Interesting you don't want to say what they have been eating prior to the changes he is trying to instigate.

Lunar1 · 18/07/2016 18:19

Is he their dad?

WorraLiberty · 18/07/2016 18:19

How do your kids actually feel about it all? Are they enjoying it or not?

I'm not sure how easy it would be to force a 12yr old to have no sugar at all, if they weren't on board with it.

Eating disorders are strange things and can equally be caused by children coming from overweight families, as they can by coming from health fanatic families.

lastqueenofscotland · 18/07/2016 18:21

Bacon and eggs and spag Bol is normal food it's hardly raw, vegan, gluten free...

glamourousgranny42 · 18/07/2016 18:28

If you genuinely see a difference in behaviour after cutting out sugar, fine. But research seems to suggest the sugar hyperactive myth is exactly that. A myth. Children need a balanced diet that includes sugar and fat.
Your husband is setting your girls up for years of issues with food. I speak as one who knows.

Pinkheart5915 · 18/07/2016 18:29

So he's stil giving them things like bacon and eggs for breakfast and spag Bol and such like for dinner just no sweets well I don't see a problem with that certainly not deprived.

You say cutting out sugar has helped your oldest so surely that can only be a good thing?

You say your not on a health kick because you don't want him controlling what you eat fair enough but if children grow up seeing both parents eat what's good for them they are more likely to have a healthy lifestyle as adults.

WorraLiberty · 18/07/2016 18:34

Your husband is setting your girls up for years of issues with food. I speak as one who knows.

He might be and so might the OP.

TheAntiBoop · 18/07/2016 18:40

What do you eat while they eat their spag Bol? And what did they eat before?

It's difficult to judge on what you've said - what do they eat in a typical day? Do they follow the no sugar rule at school?

nilbyname · 18/07/2016 18:40

Well if it is an out and out ban then it is extreme and life is all about balance.

What did they eat before?

Are you sure they have lost weight?
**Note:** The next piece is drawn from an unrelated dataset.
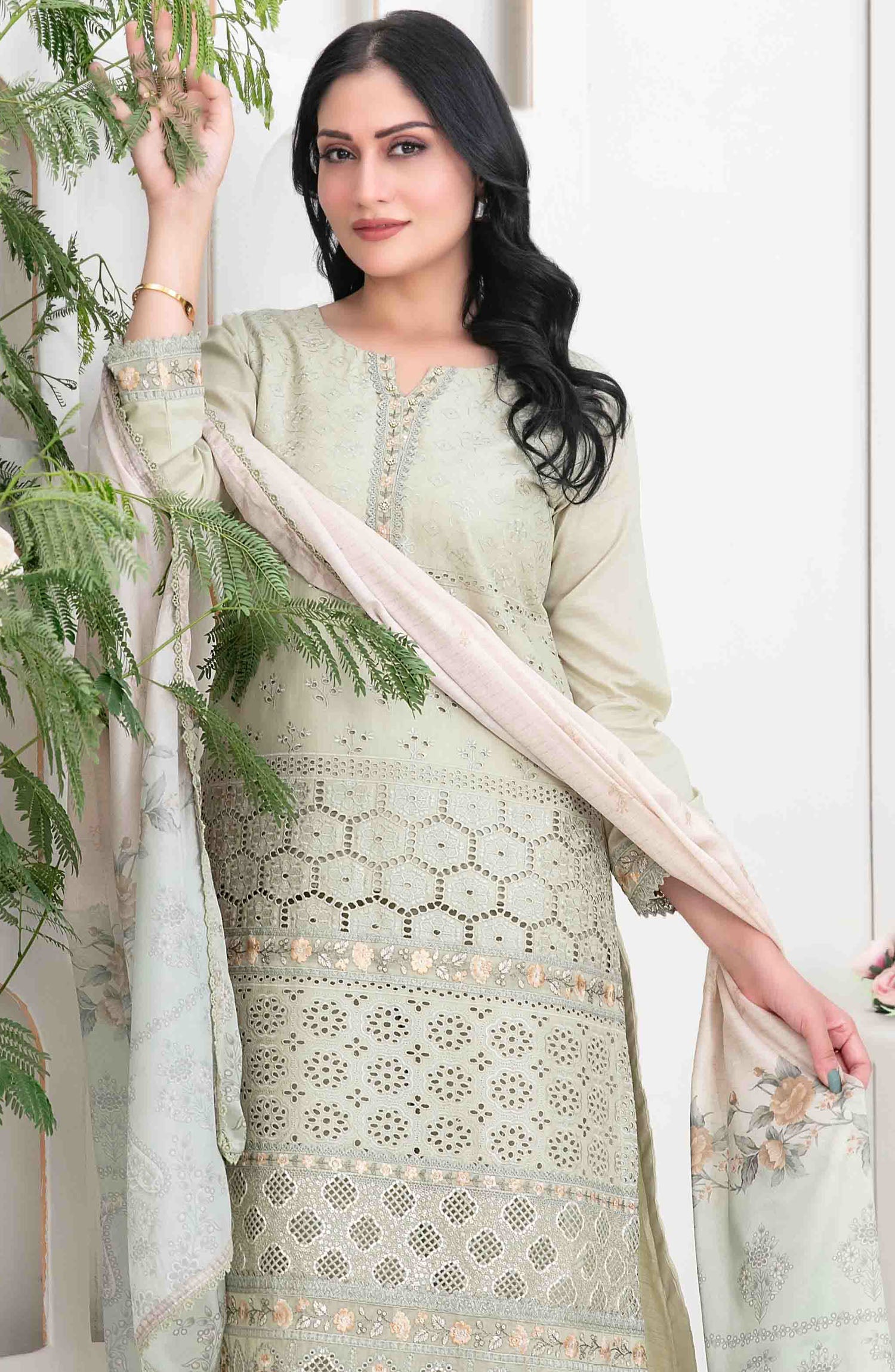 Saija by Tawakkal Fabric Embroidered Lawn Unstitched 3 Piece Suit - D-1234 - TF25SSS - Green - Summer Collection

If they are eating bacon and eggs, spaghetti etc then I don't see how? As that all sounds fine and balanced.

I have a friend who's husdand is a Health nut and I have been out with them
As a family. All our kids are having a lemonade as a treat. She has tap water with a slice of lemon in and and her face is tripping her. She's 6! Seems really sad.
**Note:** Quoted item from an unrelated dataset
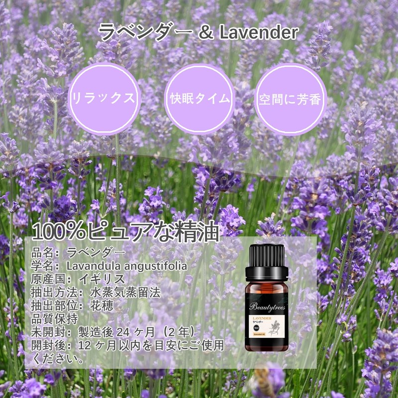 - Note: Ingredients: 100% natural pure lavender essential oil. Due to the air and space, the container used, the user's sensibility and preferences and physical condition, there may be slight variations in the scent in different conditions. Pay attention to the air when using it, and feeling the change of the fragrance, increase or decrease the amount of use according to the actual circumstances and enjoy your time

mamapants · 18/07/2016 18:43

Doesn't sound too bad to me. Seems like he's instigating a good healthy diet. I'd live to have the will power to cut out sugar and would do the same with the children if I could.
If behaviour has improved then it seems like it's doing everyone good.
You should join in and encourage them .

mamapants · 18/07/2016 18:45

Its not that weird to not have lemonade at age 6 is it nilby. Am sure my nieces and nephews weren't allowed any until 6 or 7 and then only at my parties.

HackAttack · 18/07/2016 18:48

Sounds like he is trying really hard to be healthy and you aren't helping to be honest. You should be making an effort.
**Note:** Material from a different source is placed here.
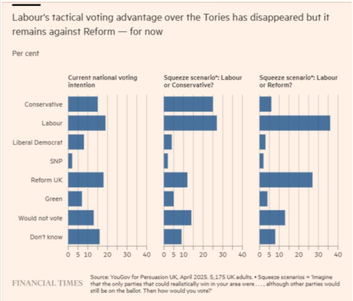 Offering more hope to Labour MPs, there are also signs in Persuasion’s data (see chart) that anti-Farage tactical voting might buoy up support for their party: enough voters in red wall areas could decide to back the incumbent explicitly to keep Reform out — even Conservatives seem willing to do so.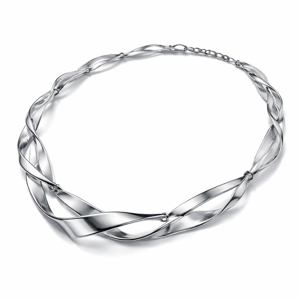 A flexible necklace that has links and articulations that inspired by a twisted flat wire and its light weight, modern style

mylovegoesdown · 18/07/2016 18:48

How overweight are you OP?. You say you're 'very overweight' but my view of that may be different to yours for example.

Sometimes when a parent has a 'problem', with excess food or excess alcohol etc, the other parent over-compensates in an attempt to try to prevent a problem for children before it occurs. I'm not saying that's the right way, but it happens.

mamapants · 18/07/2016 18:51

Out of interest how heavy were the weights and what was he planning?
He also admitted it wasn't the best idea, maybe you could come up with exercise ideas together as a family.
I used to love doing sit ups and press ups and pull ups as a child. We do it now with our children too.